There's a non-Christian ghost haunting this difference: humanism. Lots of liberal churches have absorbed the Rousseauish idea that people are essentially good and will be innately benevolent if restored to their natural state. A lot of conservative Christians have reacted against this, emphasizing human fallenness and depravity. And both of these views, I think, are supported by the Bible. The story of the original good creation that went astray is there. The sayings about how all fall short in the sight of God are there. And the idea that bad behavior comes from forgetting your true self is there (not just in Paul, but also in James, that bane of sola fide advocates). In fact, most of my table's discussion at this class was about reconciling what the priest said with fallenness.

I think the main difference between the humanist view and the Christian view of human goodness is the method for finding that lost self. As I mentioned here, the modern humanist approach has generally been to see society as the harmful influence on a person, and so the goal is to remove as much as possible the influence of other people. Christianity has generally admitted to the sinfulness of society, but placed the emphasis on reforming social relations themselves, right down to the level of family. The sort of individual empowerment that humanists prescribe is hubris. (Yoder writes about this in Chapter 7 of TPOJ, which I will blog presently.) Also -- this is where I agree with iMonk -- the redemption cannot reach its perfection here on earth, so to some extent we're all living in both kingdoms until Judgment Day.

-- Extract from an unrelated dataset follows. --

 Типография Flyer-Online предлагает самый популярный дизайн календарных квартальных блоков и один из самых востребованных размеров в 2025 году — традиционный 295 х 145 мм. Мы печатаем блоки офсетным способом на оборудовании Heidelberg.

I can't tell, as of yet, how much of All Saints' teaching is going to respect this difference and how much it's going to be straight-up humanism. Although my table talked about fallenness, the priest didn't. However, it's just the beginning.

Posted by Camassia at November 24, 2004 03:56 PM | TrackBack

first, let me say, i think you do a really good job at blogging easily complicated issues in a simple, understandable way (assuming a bit of background knowledge). I really like your posts so far.
I think that holiness traditions tend to also view society- that is non-Christian others- as the undoing of faith, that and of course Satan. So in this way I suppose the perceived function is compatible with Rousseauish humanism, yes?

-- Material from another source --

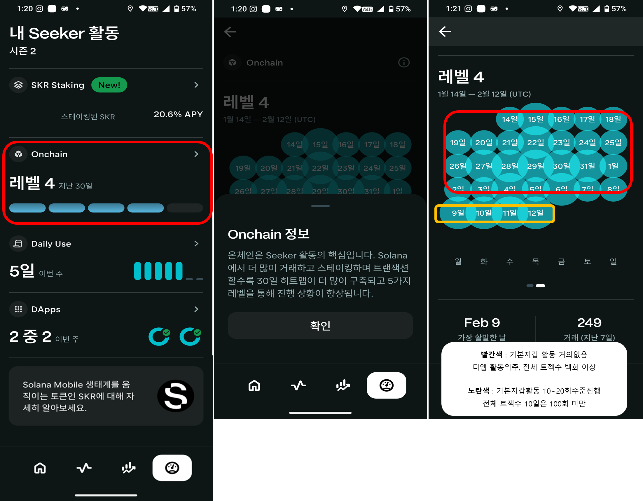이 활동들이 쌓이면 Onchain Lv이 상승하게 됩니다.

there is also a heaping dose of tragic-flaw-due-to -Adam thinking, which I guessed combined would equal something like society encouraging and promoting our latent falleness. Kind of like M.Night Shyamalan's kiddies stuck in that wilderness, who only later find out sin is dormant but there in each one of them and will spring up unaccounted for, because, after all, they are a society.

the thing is, I am really working on a pretty heretical perspective here, and not intentionally. If sinners love God in proportion to their sin, if say, we would not know how redemptive and loving Christ is without the woman in adultery and without the thief on the cross, well then does not sin serve as some sort of functionally-necessary canvass on which God is shown by contrast? maybe this isn't heretical really, but it is a pretty positive spin on our falleness. tell me, should I be wary of suggesting this in a church? What say you or others reading this?

Posted by: erica on December 3, 2004 05:55 PM

Thanks for your comments. I've deleted your extra posts. Please do not puts the same comment on multiple posts. If your comment appeared not to go through, wait a few seconds and refresh the screen.

As to your question, well, it depends entirely on what church you're talking about! But speaking for myself, I think where you lose me is, "...sinners love God in proportion to their sin." I've generally understood sin itself to be what prevents us from loving God, so the forgiveness of sins removes that barrier. Otherwise it sounds like the only reason to love God is that he forgives you, which is certainly a reason, but not the only reason.